The examples/LTD/ directory contains some simple examples which can be run through DExTer with this patch (xfail prefix denotes an expected failure).

Shortcomings

  1. This patch doesn't provide any nice output for --verbose. We need to implement a nice error reporter which can concisely explain why a given model doesn't hold.

  2. Exposing operators as function calls means all formulae read in prefix notation. This turns p Until q into Until(p, q). I personally read this left to right as "Until p holds, q must hold". This is incorrect. Until(p, q) means "Until q holds, p must hold". I find that swapping the operands makes it more readable, but then of course makes it confusing to people who read prefix notation naturally. I think this at least warrants a discussion.

  3. Prefix notation also makes some operators read strangely. I think Both(p, q) and Either(p, q) instead of And(p, q) and Or(p, q) respectively are more natural.

  4. The implementation doesn't do anything to prevent someone adding an operator with circular dependencies. Hopefully whoever implemented the new operator will have run tests with it and then seen a max stack depth exception.

OCHyams commented 5 years ago

At the moment the LTL_work document is around 200 lines, there are at least 100 lines of license comments, and there are around 150 lines of "example" test files. So, this PR is not actually as large as it looks.

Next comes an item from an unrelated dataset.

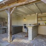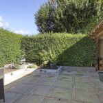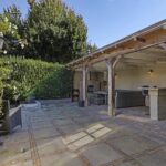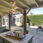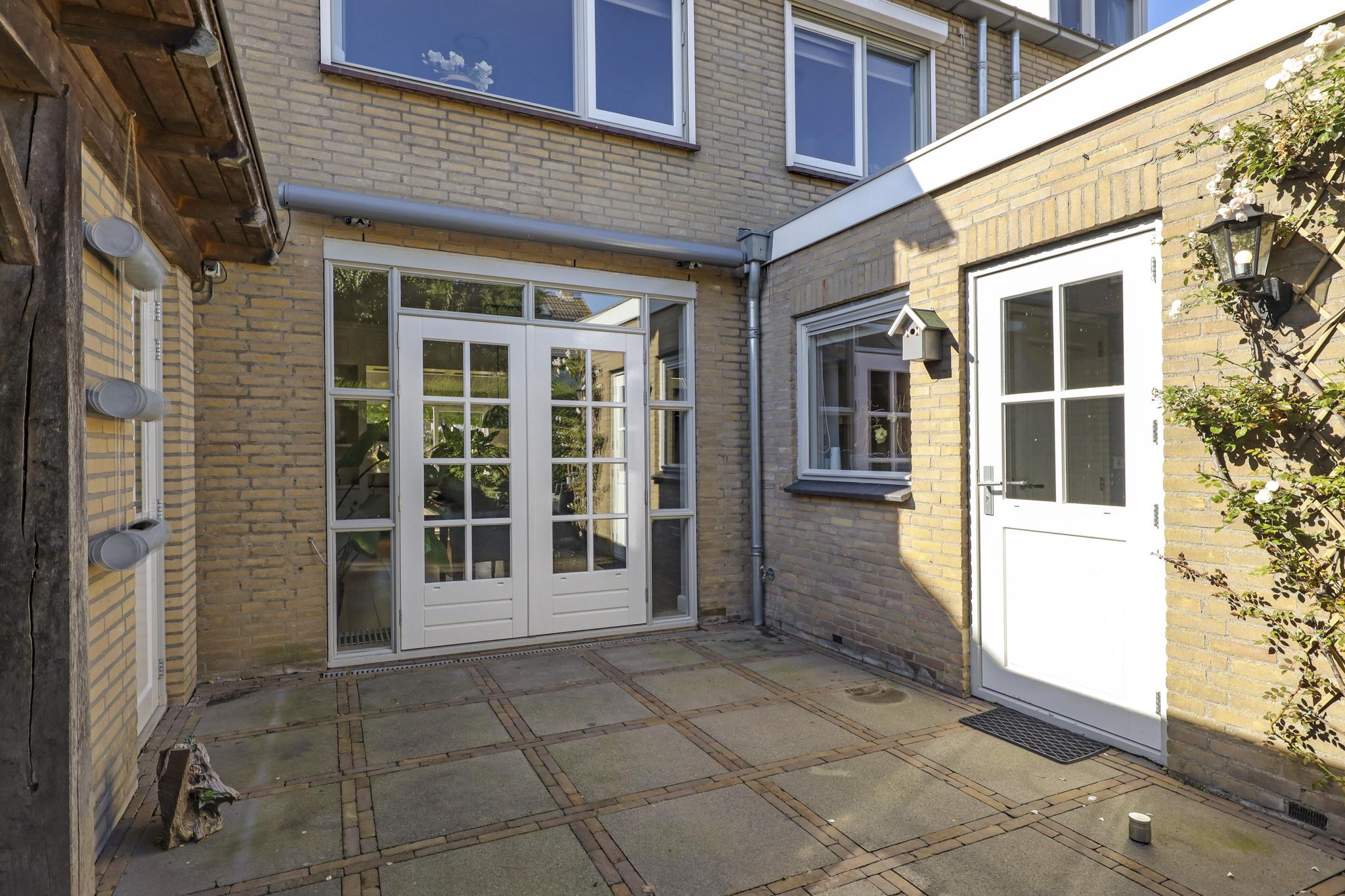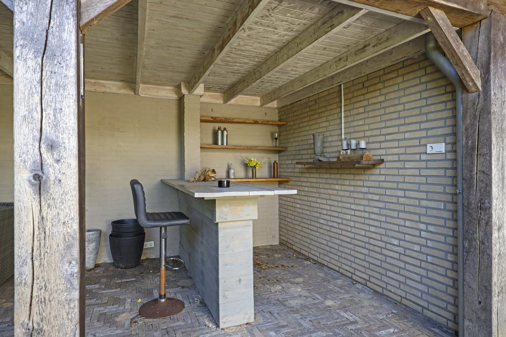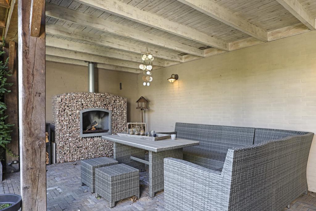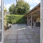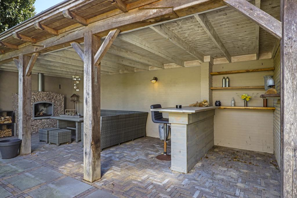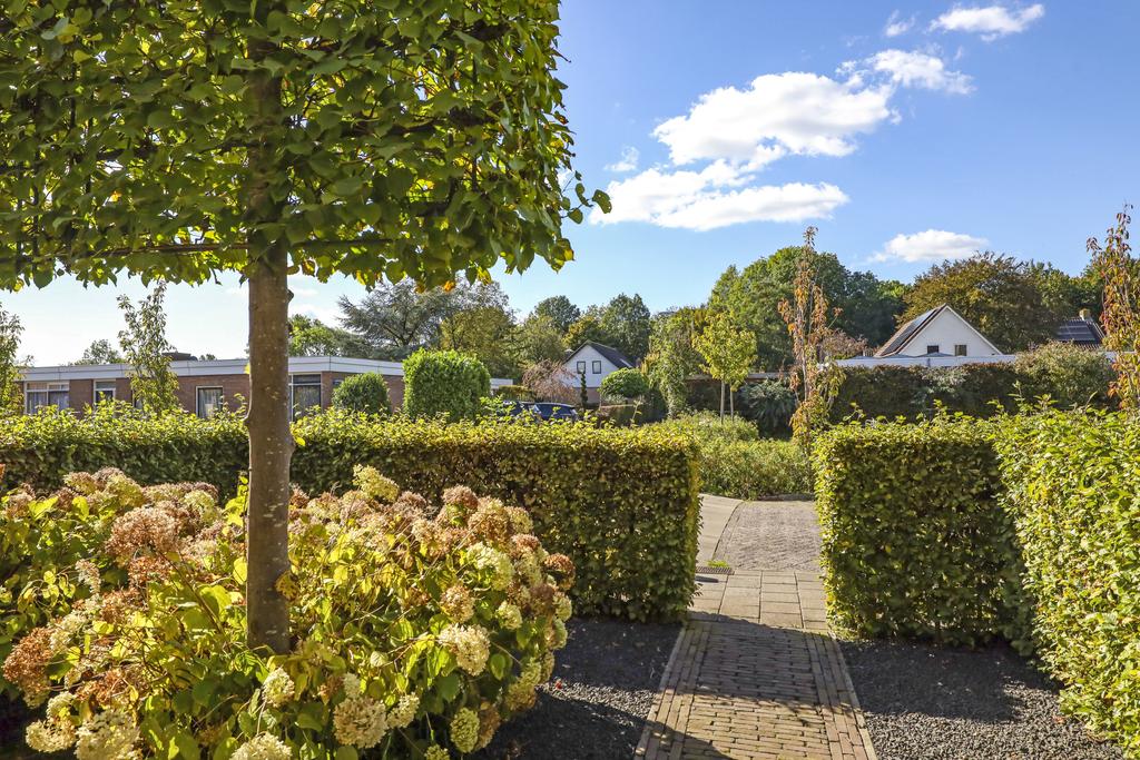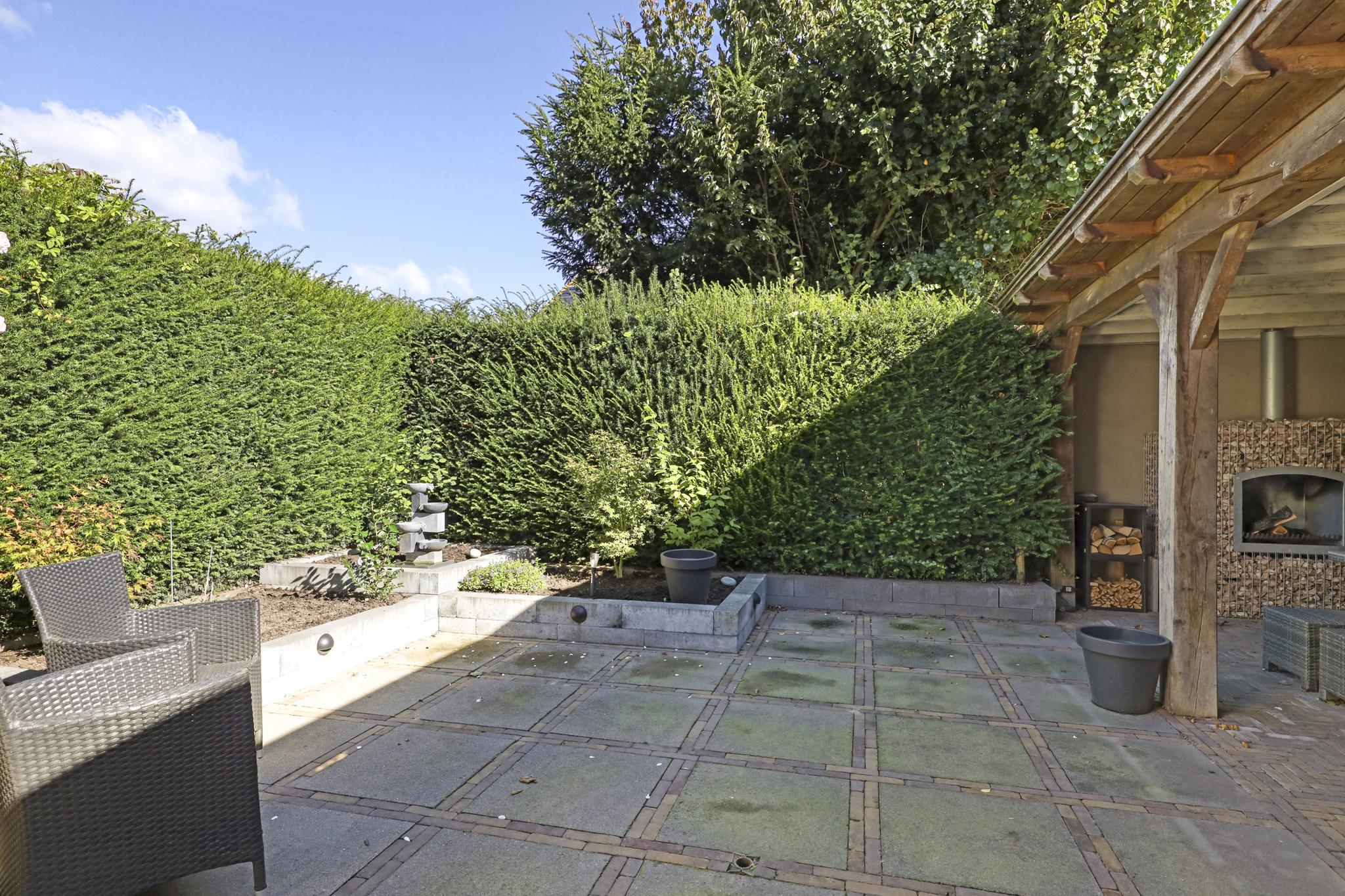 Eén van de pluspunten van deze woning is de achtertuin. Deze heeft een goed formaat (ca. 14 meter diep en 9m breed) en ligt relatief vrij doordat er achter de woning een groene buffer van bomen er voor zorgt dat er nagenoeg geen inkijk is. Grenzend aan de schuur is een robuuste eikenhouten veranda met stijlvolle detaillering gebouwd (3,2m x 7,6m) waar je heerlijk beschut en uit de zon kunt zitten. Hier kun je tot in de late uurtjes lang van het buitenleven genieten, zeker wanneer je de buitenhaard aansteekt. De tuin is relatief onderhoudsvrij waarbij de bestrating geheel in stijl van de woning met o.a. gebakken waaltjes, verzorgd is aangelegd.

OCHyams commented 5 years ago

I've noticed that my implementation of Next() is inconsistent. Say we are on the last program step and are verifying Next(p). If p is an Expect or ExpectState it will not hold because the step_iter cannot be dereferenced. However, if p is simply True, it will hold because we never have to dereference the iter to find out the result of the proposition.

An easy fix: Next() should return False if the end of the program is reached after incrementing the iterator.

OCHyams commented 5 years ago

Thanks @Melamoto for taking a look!

OCHyams commented 5 years ago

Latest commit (afbd9ff) fixes Next, simplifies Henceforth(), and corrects some typos. Note: I haven't added/updated the docstrings yet.